The "how much" question is easy to answer - we'd need to grow our onshore tax revenues by 16% over and above  the rest of the UK to close the gap. The SNP say they would cut taxes to achieve this growth which means our tax take as a percentage of GDP would decline. This means of course that we would need to see even higher than 16% relative GDP growth.

OK so what about how long?  I decided to search  the Independence White Paper for any indication of the growth levels that the SNP were aspiring to back then. After much trawling (head-shaking and teeth-grinding) all I could find was this gem on page 108:
If Scotland moved from the rates of growth it has experienced in the past to instead match the levels of growth of small European countries, the benefits for people in Scotland in terms of prosperity and employment would be significant. As an illustration, had growth in Scotland matched these other independent nations between 1977 and 2007, GDP per head would now be 3.8 per cent higher
So the illustration they chose to demonstrate the sort of difference we could expect to see from independence was 3.8% higher GDP growth over a 30 year period.

At that rate of relative economic growth it would take us about 120 years to close the gap.

I think it's reasonable to conclude that the SNP's claims that growth alone will address the onshore deficit gap fails this "sanity check" rather spectacularly.

So as we come to the third question: what would we do in the meantime?  There are limits to how far we can go with debt - I think I might have once heard some Nationalists suggesting the amount of debt we have now is too much - so the answer is extremely simple.  We'd have to dramatically reduce public spending.

The SNP campaign to scrap Trident but not to dramatically reduce the defence budget, they talk of "unfair cost allocations" without actually pointing to any material examples - and in fact they talk of increasing public spending (alongside reducing business taxes).

The SNP position is transparently, demonstrably, economically nonsensical - and yet a large proportion of the Scottish electorate appear to accept it.

The SNP know what they are doing of course.  Tell big simple lies and keep repeating them, offer the people a bogey-man to blame, sell the hope and ignore the reality. It is cynical, calculated political deceit.

What makes it worse is that the people who will suffer most if the SNP succeed are those to whom their messages appeal most; the worst off in our society.

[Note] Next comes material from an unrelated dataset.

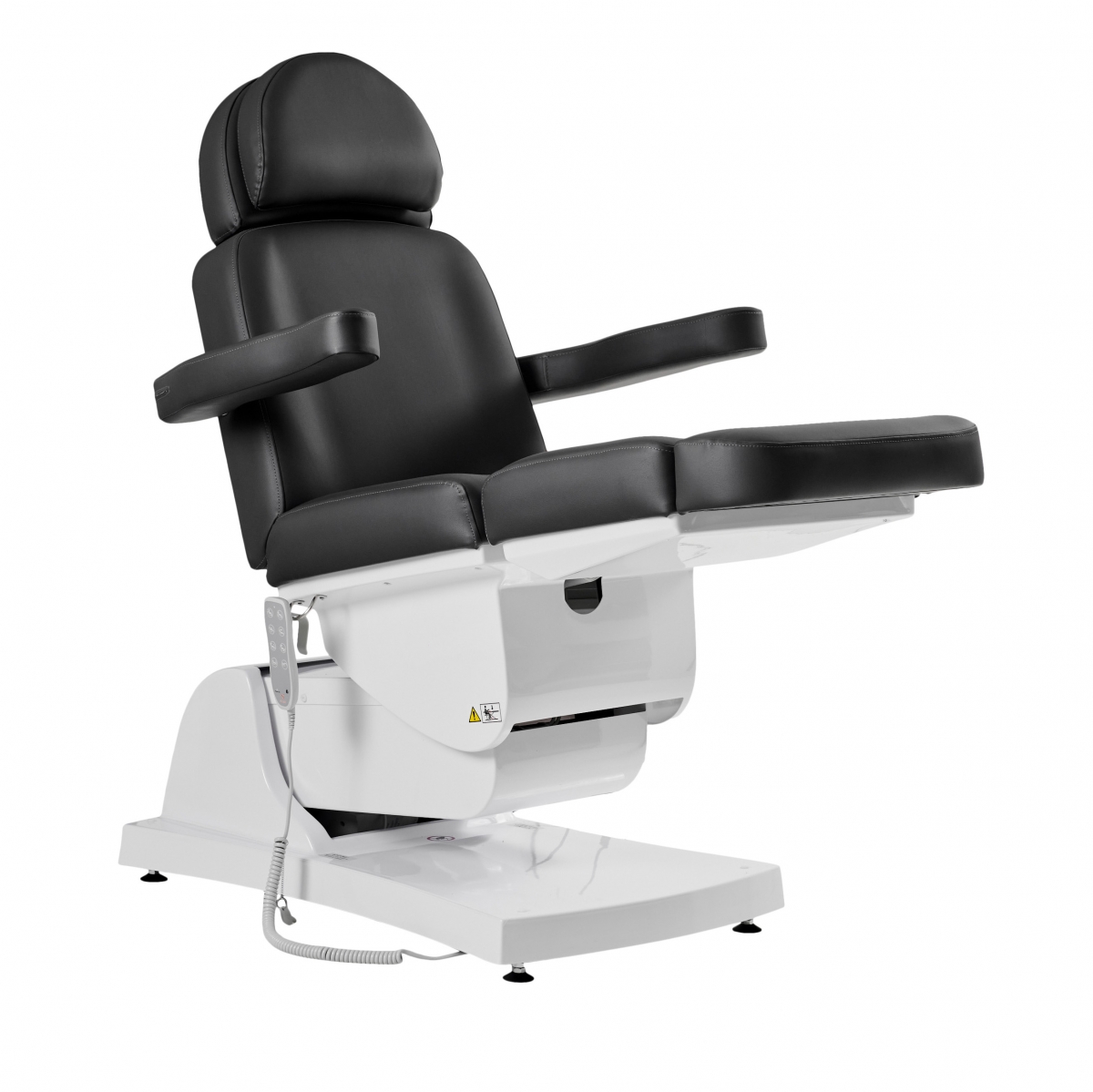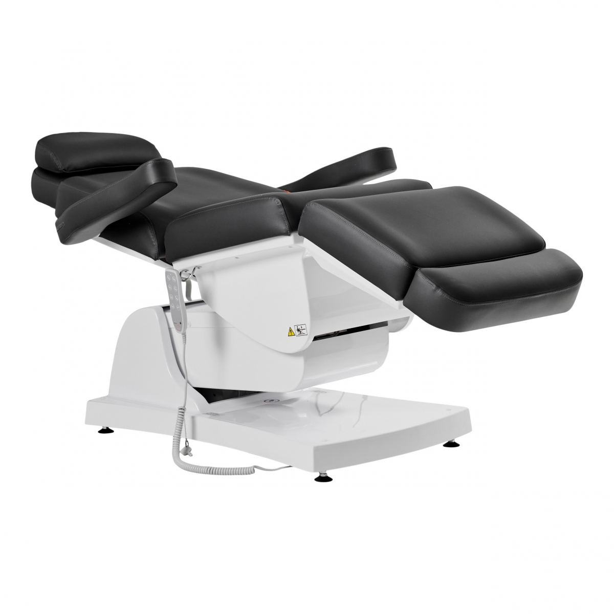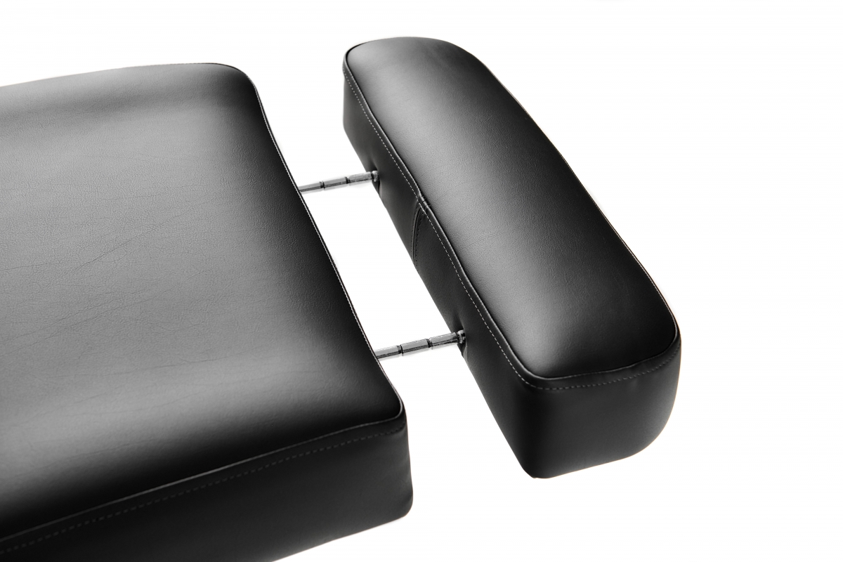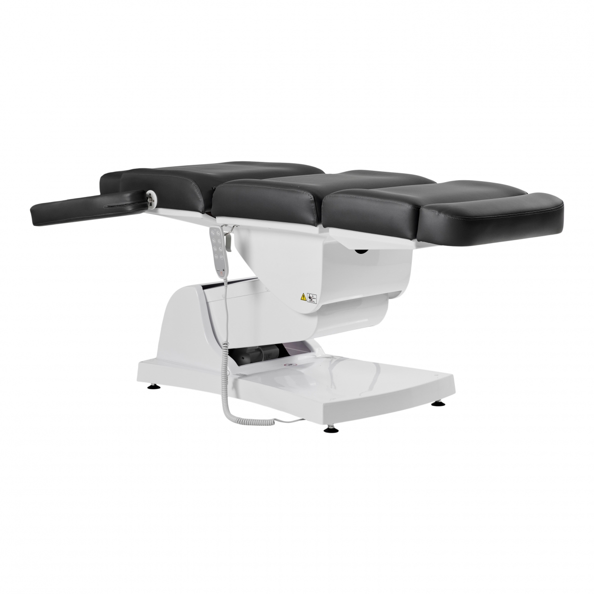 Dit multifunctionele bed is geschikt voor cosmetica, massage en voetverzorging. De hoogte en helling van het bed, evenals het rug- en beengedeelte, kunnen eenvoudig worden aangepast met een afstandsbediening. De vier krachtige motoren lopen soepel en stil. Een comfortabele instap wordt mogelijk gemaakt door het bijna 90° opklapbare beengedeelte. Hoofdsteun en voeteneinde kunnen door uittrekken optimaal worden aangepast aan elke lichaamslengte. Maar ze kunnen ook volledig worden verwijderd. De armleuningen kunnen naar achteren worden geklapt en bewegen met je mee wanneer je de ligpositie aanpast. Er is een gewatteerde gezichtsuitsnede onder het verwijderbare nekkussen.

It appears the scale of the SNP's deception may only be realised by the Scottish people when it's too late to do anything about it.  Of course by then the SNP aim to have broken up the BBC and to have their own state-controlled media in place.  Having just emerged from a week behind the Great Firewall of China, I have some perspective on the potential for politicians to exert influence over the masses through media control - but that is a topic for another day.